Frigos géants, cuisines high tech, informatique interconnectée, consoles de
jeu, audio, vidéo, équipements domotiques : tout ça rutile et est bon pour
la casse.
La baraque est
plein face à la chaîne des Pyrénées. Grandiose, on en prend plein les mirettes
à travers les baies vitrées géantes. Autre chose qu’un vis-à-vis sur des barres
de banlieue. La canaille sait vivre. Partout du très coûteux et de bon goût.

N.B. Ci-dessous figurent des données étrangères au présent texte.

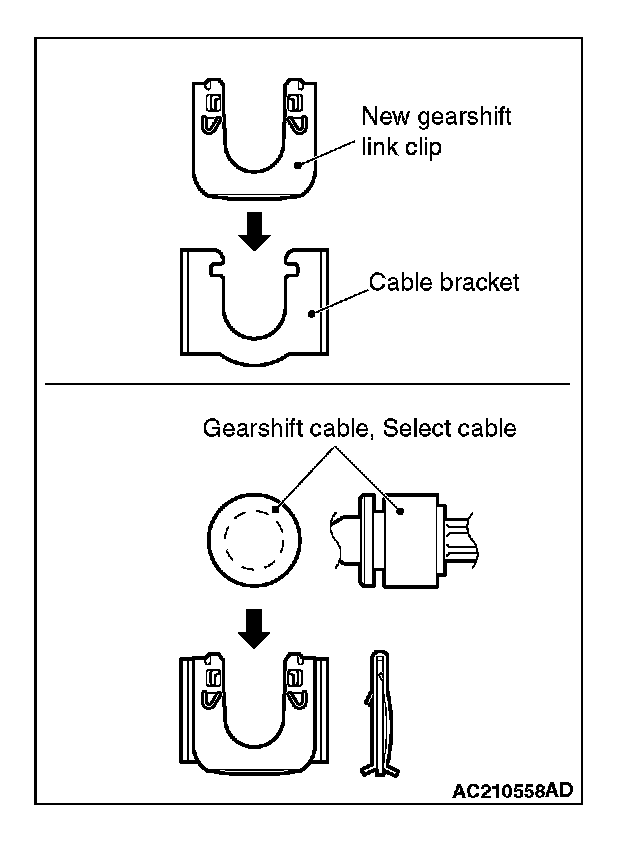 Insert thoroughly the gearshift link clip, gearshift cable and select cable until they click in place.
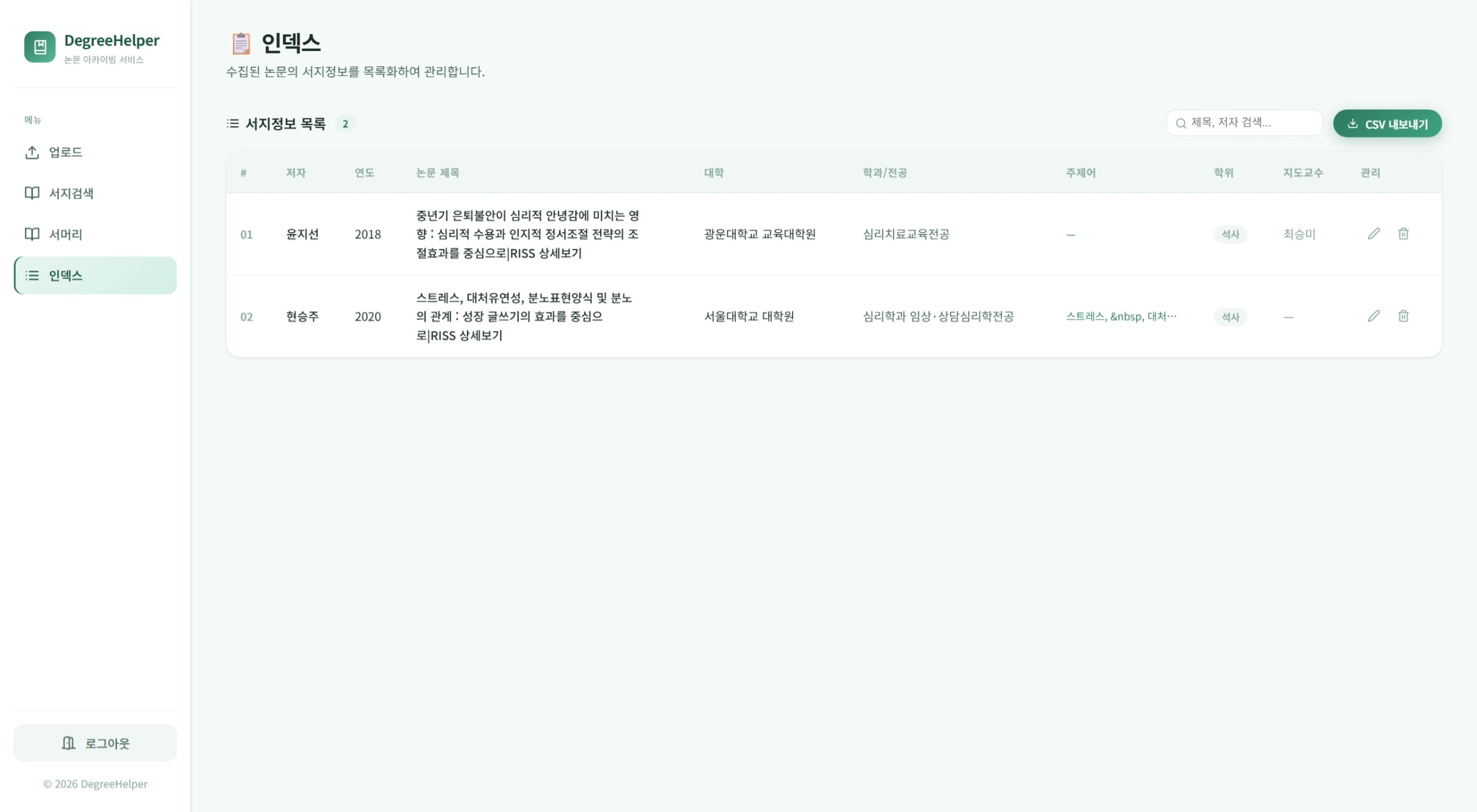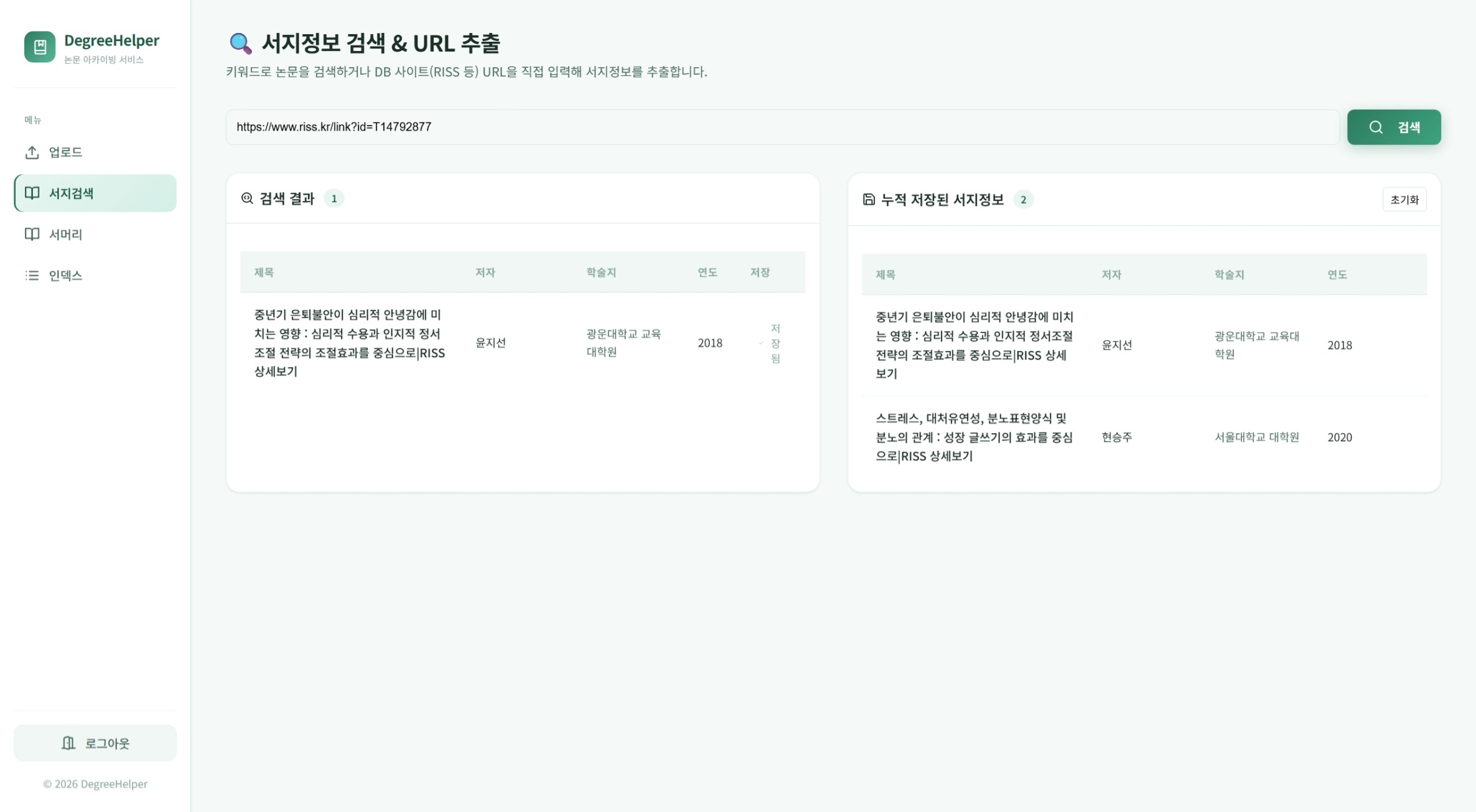 논문집필 초보자를 위한 검토논문 서지 정보 DB화 서비스

Cuir, bois, métal brossé, tapis de haute laine, toiles de maître là où il faut,
livres d’art en clayettes, collections de bibelots. Je vais d’une pièce à
l’autre. Me vautre sur des literies merveilleusement moelleuses. Ouvre des
dressings remplis d’enfilades de robes, costumes, vestes, manteaux, chemises,
gants, foulards, cravates, tout ça de la meilleure coupe, dans les matériaux
les plus souples et légers. A chaque pas, j’augmente mon Empire, tout ça est à
moi, désormais.
Sur un buffet
aux allures indonésiennes, les photos de famille, cadres argentés, sourires
dans tous leurs états. Monsieur et Madame, lui, le regard qui assure, direct,
résolu. Elle, charmeuse et charmante, longue robe élégante, rouge, ça pulse sur
le vert du parc en arrière-plan. Madame encore, toute seule cette fois, sports
d’hiver, soleil éblouissant sur la neige, comme son sourire, on est heureux, on
s’éclate : nos dernières vacances, à côté on a droit à la version
antillaises, avec les enfants, toute la petite famille bronzée et reposée, qui pose
sur un pont impeccable dominant des eaux turquoise. Rien de mal à se faire du
bien, si ce n’est que le petit personnel n’a pas accès à ces escapades
reconstituantes. Il y a des avenants au Contrat Social. « Faire
société », mais pas avec tout le monde : chez les possédants, on
avait la solidarité déclamatoire mais sporadique. Le jeune maître arbore sa
gueule d’héritier qui n’a pas grand-chose à craindre de la vie (comme quoi,
parfois, les espérances …), sa sœur sur les traces de sa mère, déjà sexy, mais parfaitement
convenable.
Et s’ils
revenaient ? D’un coup ? Comme ils sont partis, pffuitt ! ils
réapparaissent, reprennent leur vie là où ils l’avaient laissée, les mêmes
règles du jeu, ceux qui avaient tout reprennent tout, et moi je retrouve mon
emploi de seconde zone dans mon bureau miteux … Et les blagues lamentables de
mes piteux collègues … Il n’y a pas de doute : j’ai gagné au change. Seul,
je vais peut-être finir par m’emmerder, mais la disparition de l’humanité est
plutôt une bonne affaire.
Je sors sur la
terrasse admirer le panorama, l’impression qu’on pourrait toucher les
montagnes. En contre-bas, les ondulations d’un jardin sage, délimité par des
haies impeccables, fantasme d’un monde domestiqué. Bientôt, les ronces et les
herbes folles vont se lancer à l’assaut de cet ordre fragile. Mon regard plonge
directement dans la maison des voisins, larges baies vitrées semblables, mêmes
insignes de la puissance, même idée du bonheur. Je discerne un truc blanc qui
s’agite. Je me penche. Ça ressemble à un chien. Un Bichon tout blanc qui
s’escrime de ses griffes sur la vitre. Le con a dû rester enfermé. J’escalade
le mur de clôture, cherche un accès, toutes les portes sont barricadées, je
n’ai plus qu’à défoncer une vitre à l’aide d’une barre métallique que je
récupère par terre. Je délivre la bestiole, qui me fonce dessus comme si
j’étais son sauveur, et c’est probablement le cas, il a l’air de crever de soif
et de faim. Il y a de la pisse et des crottes partout autour de lui. Je lui
trouve de quoi se requinquer. Il doit y en avoir plein d’autres comme lui,
chiens et chats de compagnie, perruches, cochons d’inde, hamsters et poissons
rouges, abandonnés à leur captivité désormais solitaire ! Ma mission, la
raison d’être de ma survie : permettre celle des animaux de compagnie.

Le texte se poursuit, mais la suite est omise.